L.E. got a new play kitchen for her birthday. It arrived on Thursday and sat in the box for a few days. Considering it contained a stove/sink combo plus refrigerator, the box was rather small. That only means one thing in baby-land: get out the screwdriver and try to decipher the 48-page, illustration-only instruction booklet.
This is the first really big toy T and I have had to put together since becoming Mom and Dad. At Christmas, my parents were here and since they were the ones who bought all of the crazy-big toys for L.E., they had to put them all together. T and I have been pretty lucky. Aside from the normal baby stuff like the swing, bouncey seat, strollers, etc there really hasn't been much assembly. (Except for the rocking chair which I wheeled into the house and put it together all by myself 3 weeks before my due date. Weird burst of strength and energy on that one.)
Here's the funny part. I LOVE putting things together! I single-handedly put our dining set together. When the crib showed up, T just stood there holding the heavy pieces. Last time we visited T's dad, I directed the two of them as they put a new gas grill together, otherwise it would have taken them a week. I feel like I should have been an engineer or something. Or else I'm just really good at following directions.
So T knows not to assemble anything without my being around to "supervise." But he still put the sink/stove together while I was out. The fridge was up to me. It surprisingly wasn't too bad. But about halfway through putting the door on it, I felt a pinch. OK, it felt more like the icy-hot grip of death on my lower spine, as if a glove with rusty nails pointy-end-out attached was being squeezed into me after I'd been beaten with a baseball bat. (I've never had a back spasm before). I seized up and pretty much landed face-down in a pile of unused screws. Two Vicodin later (thank you, c-section) I was able to at least move to the couch. The rest of the day, it was as if L.E. didn't have a mom to hold her. I tried to lift her up but almost dropped her. Twice. Of course, the side of my back that hurt is the same side I perch her on.
I'm not one for massages but I figured if I wanted to at least partially function, I better get one. I went to a chain massage place that's reasonably priced. But when they asked if I'd like to become a member and I politely declined, they turned bitchy. If I can't commit to a workout "program" of walking around the block twice a week, how can i commit to a massage-membership? They were super-pushy about it. Can't a gal just get a massage once in a great while? Why do I always have to commit to something? Like punch cards?
After the usual post-massage achey-ness, I finally can lift my kid up again. But I can't swing her or throw her up in the air unless it's over a soft, fluffy surface like the bed or dirty laundry pile. She appreciates that.
At least we finished the kitchen.
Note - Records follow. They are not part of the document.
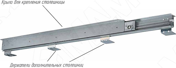 Примечание: длина стола в открытом состоянии зависит от количества дополнительно установленных столешниц
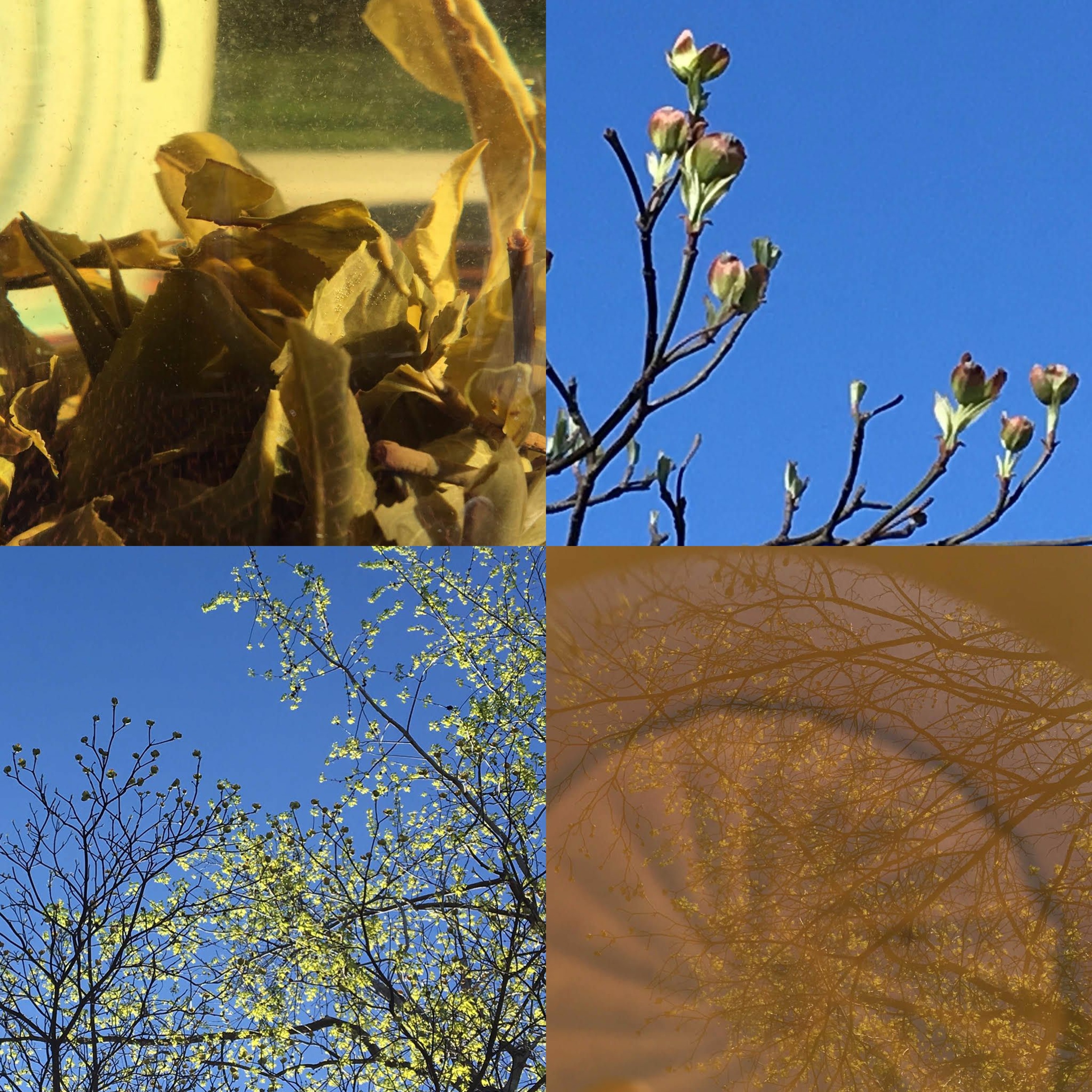 Tea, dogwood and new maple leaves all glowed in the morning sunlight.
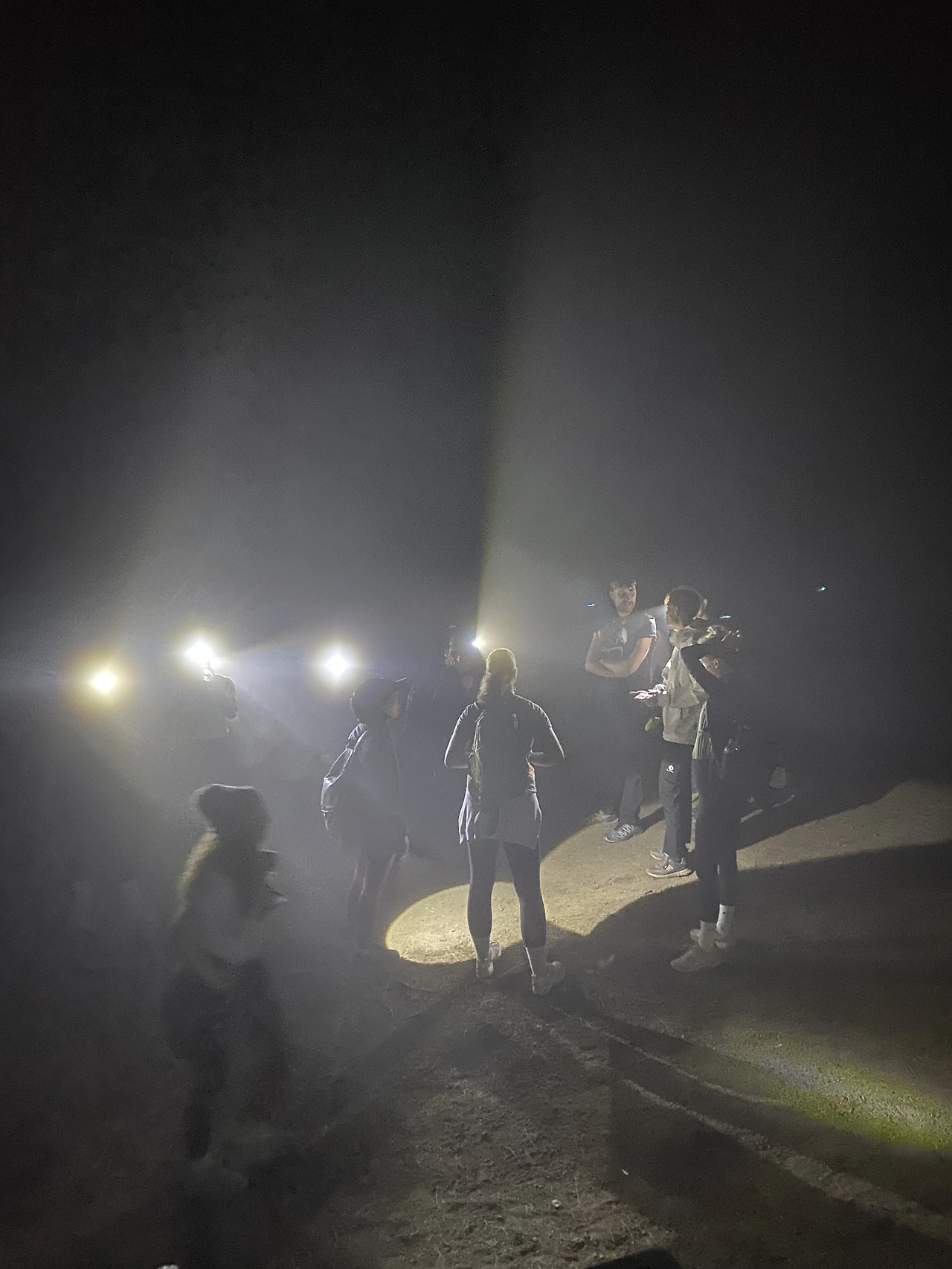이제 대망의 출발 시간~~ 그 어느 때보다 긴장이 된다. 남편이 반대했고 먼저 다녀온 친한 언니도 비추했지만 억지로 강행했기에 찝찝하기도 하고 혹시나 사고가 날까 실제 겁도 나고.. 심경이 복잡했다. 더 정신을 집중해야겠다고 맘을 단단히 먹은 터였다. 출발 시간이 되자 가이드가 마스크와 고글 핸드 랜턴 두 개씩을 주며 내 가방에 넣으란다. (엥? 안 들어주고?? 싶은데 일단 가방에 넣음) 살짝 쌀쌀해서 경량패딩 꺼내 입고 딸아이 자켓도 입혔다. 딸아이는 목수건도 묶어주었다. 브로모 화산 투어 때 5월이었는데 밤에 너무 추웠던 기억이 있어 걱정했는데 생각보다 춥지는 않았다. 게이트로 가자 어디에 다들 있다 온 건지 사람들이 북적인다. 그룹 투어는 인원 체크하고 팀 이름도 정하고 난리법석이다. 우린 가이드 따라 조용히 그들을 가로질러 출발했다.
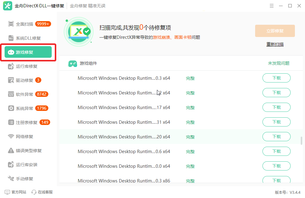 核心优势:软件针对游戏相关问题建立有【游戏修复】功能板块,支持修复DirectX异常导致的游戏崩溃、画面卡顿问题,非常方便。并且提供全面的游戏运行库安装包下载,无需繁琐操作,一键即可实现下载安装。
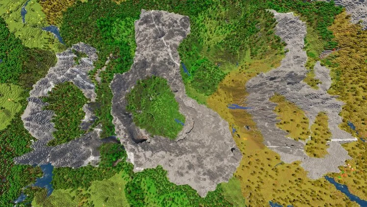 Этот мир представляет собой большой остров, охватывающий все основные биомы , а также ряд деревень , аванпостов и даже заброшенную шахту, расположенную недалеко от обитаемых земель. Это идеальное место для длительных игровых сессий.
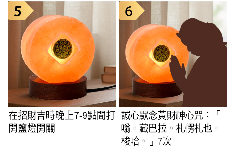 4.於招財吉時戌時(晚上7-9點)打開鹽燈,並誠心默念7次黃財神心咒【嗡.藏巴拉.札楞札耶.梭哈】。
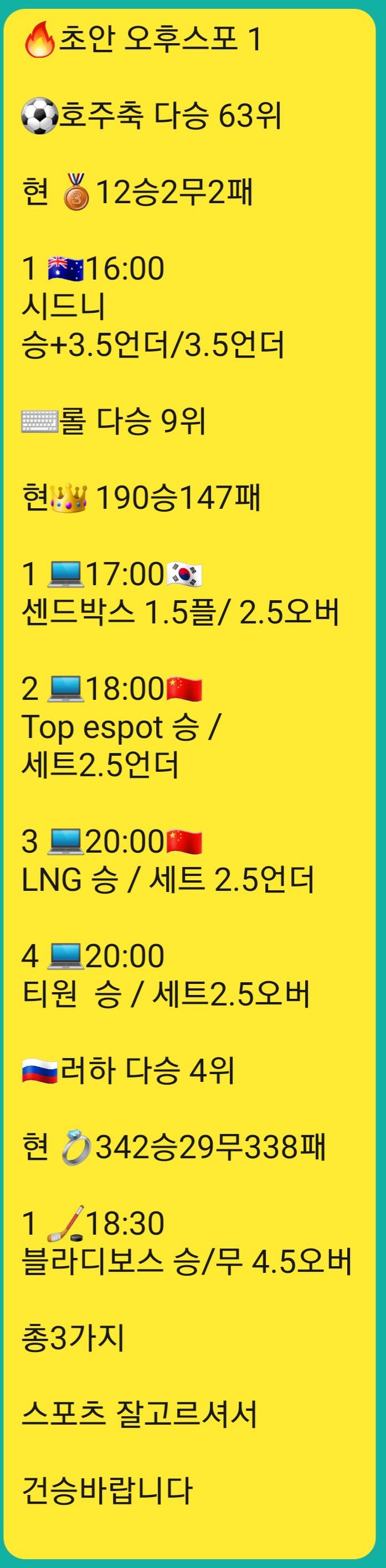 메이저사이트 프리미엄픽 공간입니다. 여기서 제공하는 픽을통해 검증된 메이저사이트에 배팅 하실때 유용한 정보입니다. 유출픽이 아닌 정상픽입니다. 유저님들이 이용가능한 사이트에 저희픽을 이용해 베팅하셔두 무방하십니다. 다만 무단배포 적발시 경고없이 탈퇴처리 되십니다. 저희 제휴 메이저사이트에 베팅하셔도 무방합니다. 이곳 프리미엄픽은 높은 승률을 자랑하며 선별한 픽만을 제공합니다.

It's actually pretty awesome. And the best part about it is it doesn't require batteries because it doesn't make noise!*
I guess the moral of the story is before you assemble your kids' toys, LIMBER UP.
*I would really like to hear about the kid who swallowed a battery and ruined parents' lives forever because the clicky thing wasn't good enough in keeping jr from eating some double-As. Now we need to use a screwdriver? Really? Did something like that really happen or is it all a conspiracy started by the screw makers?